■ WHAT IS EXPECTED
Look through the listing below for the line containing "Слайд 8Развивающее обучение – это". Copy it and each line after it up to and including the line containing "2026年元旦节假期共放假3", exactly, leaving out pictures.

■ INFORMATION GIVEN
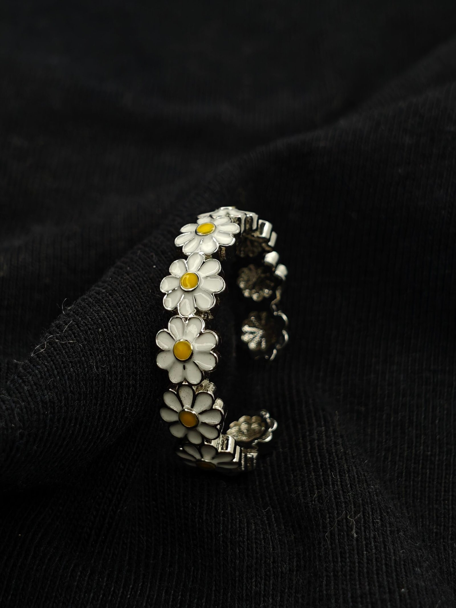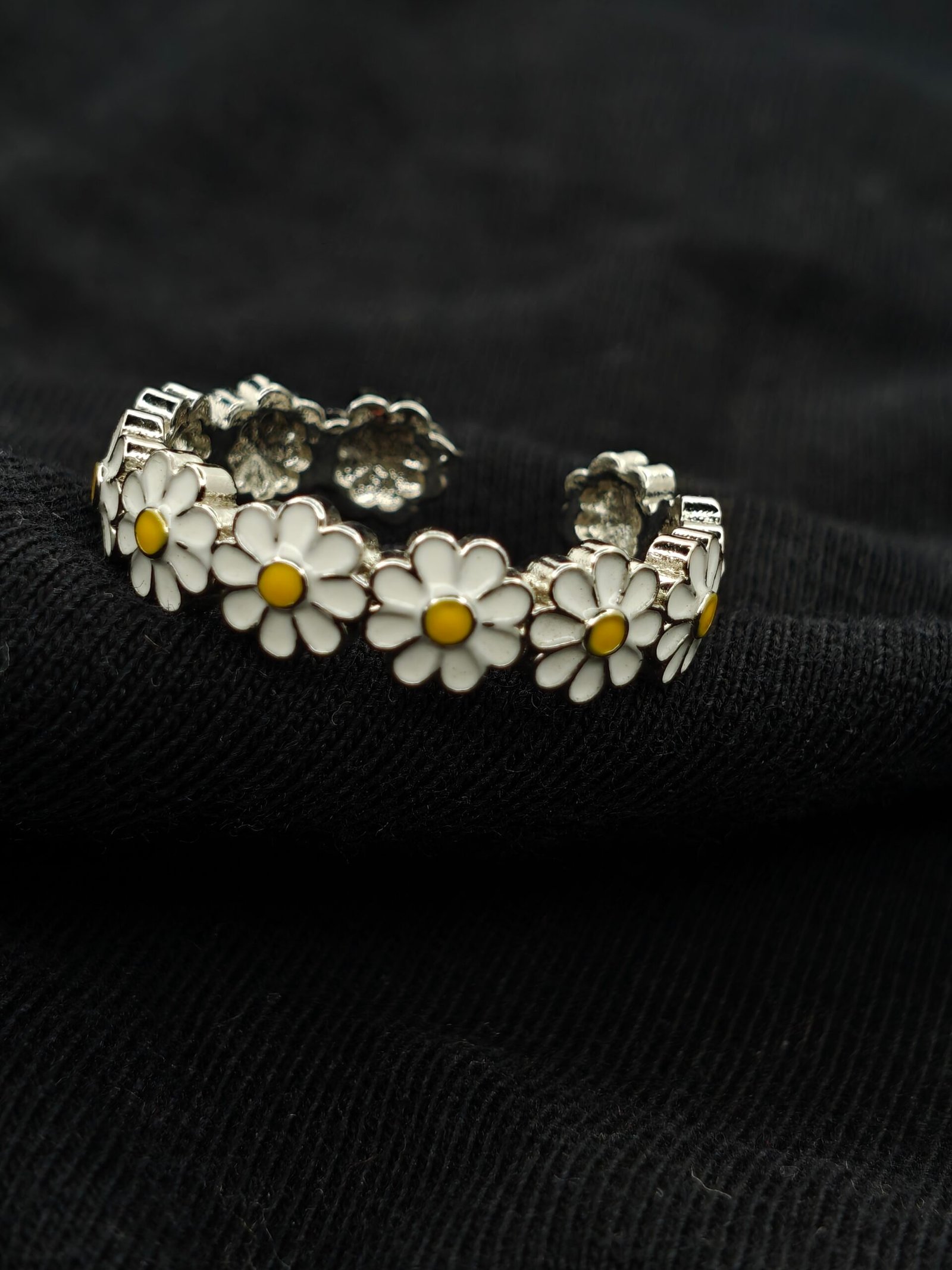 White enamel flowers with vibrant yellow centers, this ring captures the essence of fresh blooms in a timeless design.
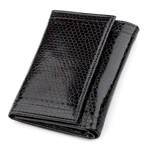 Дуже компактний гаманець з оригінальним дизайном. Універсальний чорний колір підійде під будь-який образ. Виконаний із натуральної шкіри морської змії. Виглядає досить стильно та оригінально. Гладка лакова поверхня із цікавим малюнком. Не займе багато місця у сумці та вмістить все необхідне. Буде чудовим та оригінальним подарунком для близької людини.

==

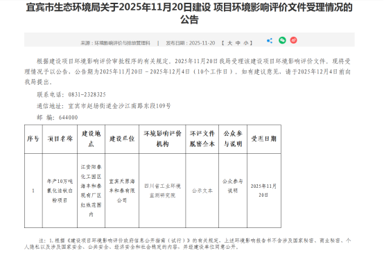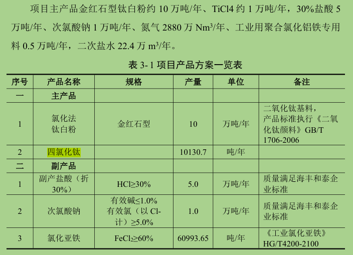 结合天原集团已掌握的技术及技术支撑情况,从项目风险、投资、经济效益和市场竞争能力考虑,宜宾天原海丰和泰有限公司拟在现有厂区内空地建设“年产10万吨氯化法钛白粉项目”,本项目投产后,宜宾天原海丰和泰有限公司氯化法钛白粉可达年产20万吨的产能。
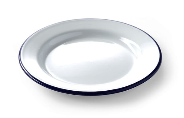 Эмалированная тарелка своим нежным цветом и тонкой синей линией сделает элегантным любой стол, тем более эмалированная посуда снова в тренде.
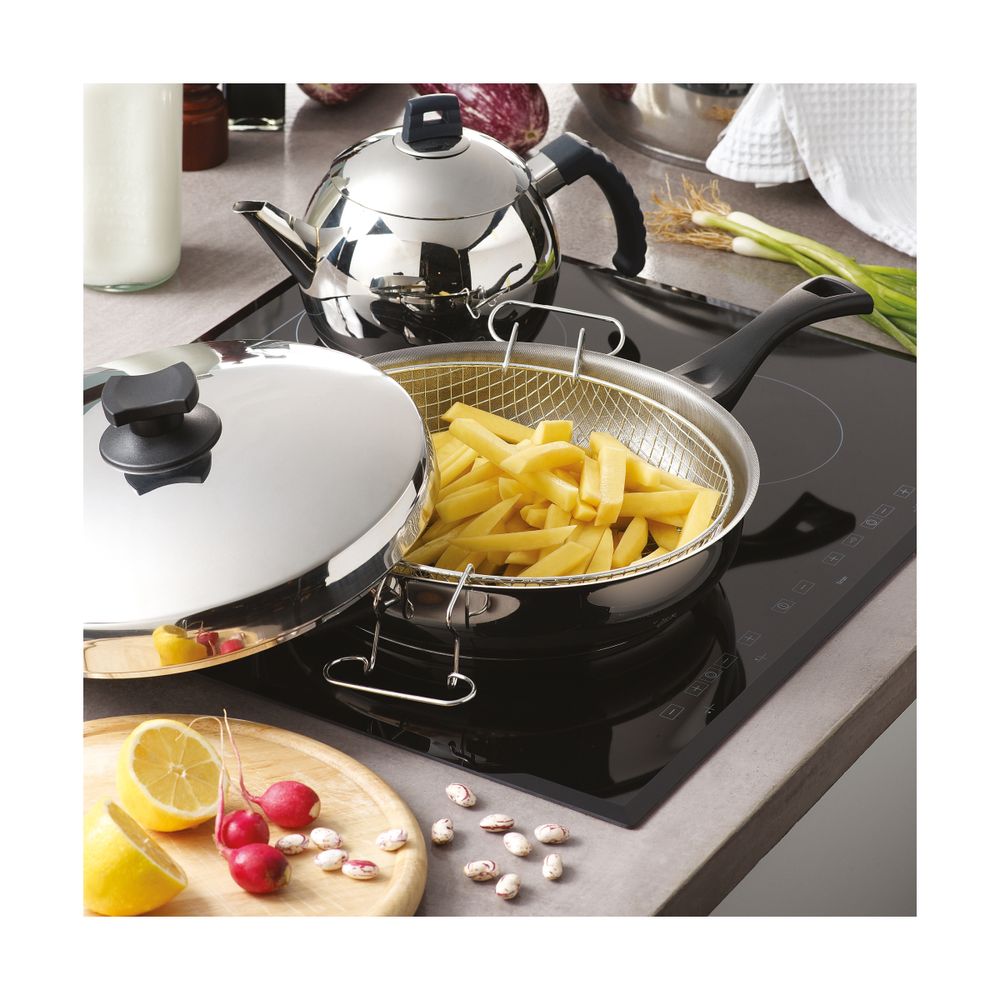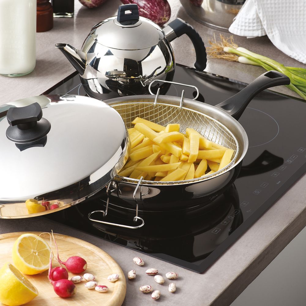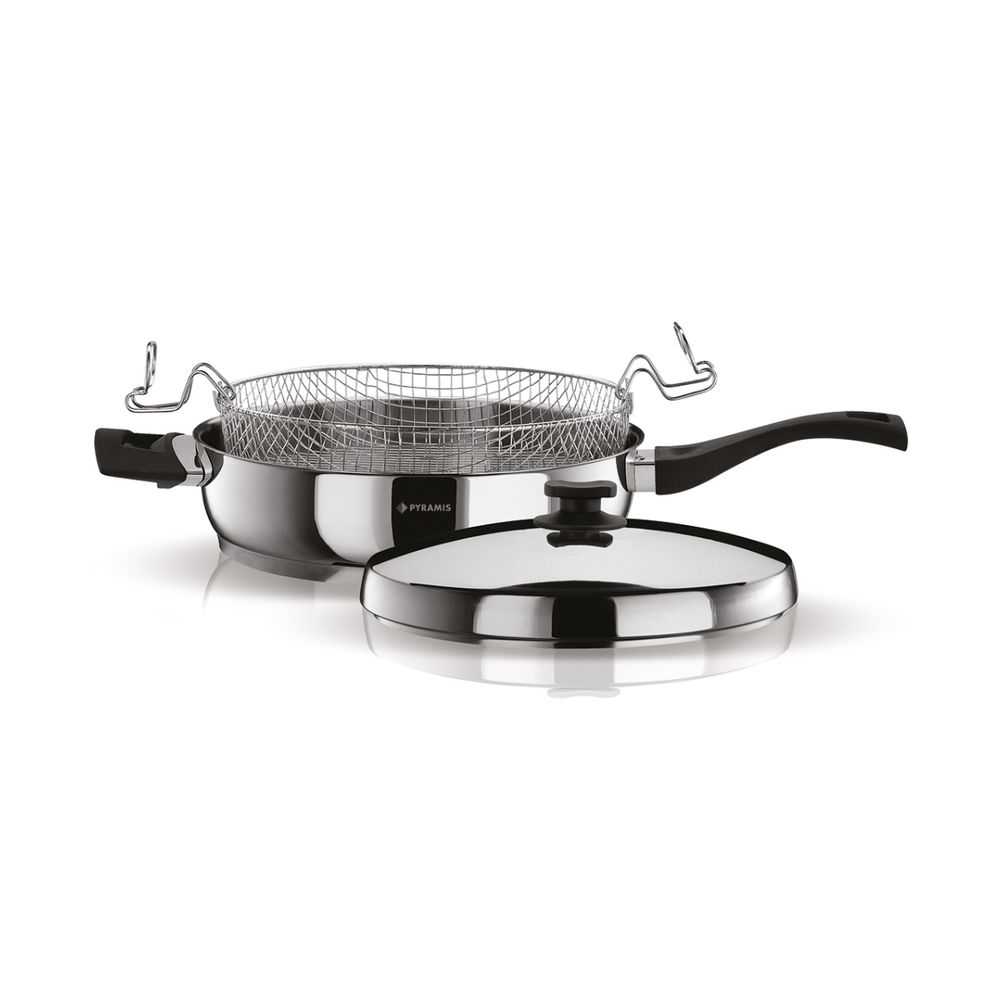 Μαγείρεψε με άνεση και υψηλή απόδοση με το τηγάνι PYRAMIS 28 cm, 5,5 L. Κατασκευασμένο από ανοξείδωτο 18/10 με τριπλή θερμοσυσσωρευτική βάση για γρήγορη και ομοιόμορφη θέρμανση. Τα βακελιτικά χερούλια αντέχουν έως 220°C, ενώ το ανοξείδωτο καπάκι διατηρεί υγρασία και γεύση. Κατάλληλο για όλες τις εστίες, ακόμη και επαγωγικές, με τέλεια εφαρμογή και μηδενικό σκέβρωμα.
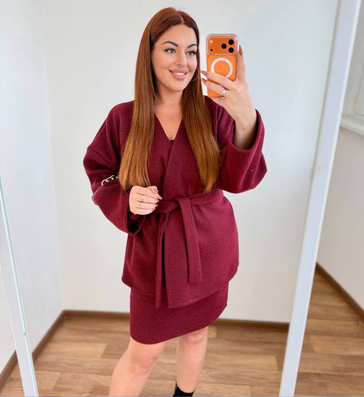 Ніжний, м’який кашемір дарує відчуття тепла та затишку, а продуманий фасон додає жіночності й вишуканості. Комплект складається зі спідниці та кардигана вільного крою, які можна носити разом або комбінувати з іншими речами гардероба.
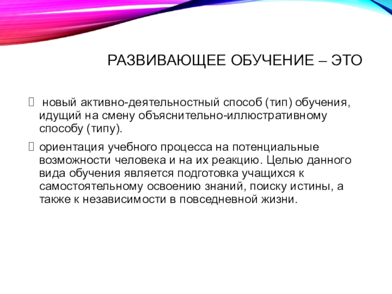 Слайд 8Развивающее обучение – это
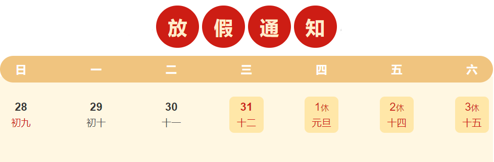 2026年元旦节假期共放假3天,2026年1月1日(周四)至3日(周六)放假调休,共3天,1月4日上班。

■ RESPONSE
 Слайд 8Развивающее обучение – это
 2026年元旦节假期共放假3天,2026年1月1日(周四)至3日(周六)放假调休,共3天,1月4日上班。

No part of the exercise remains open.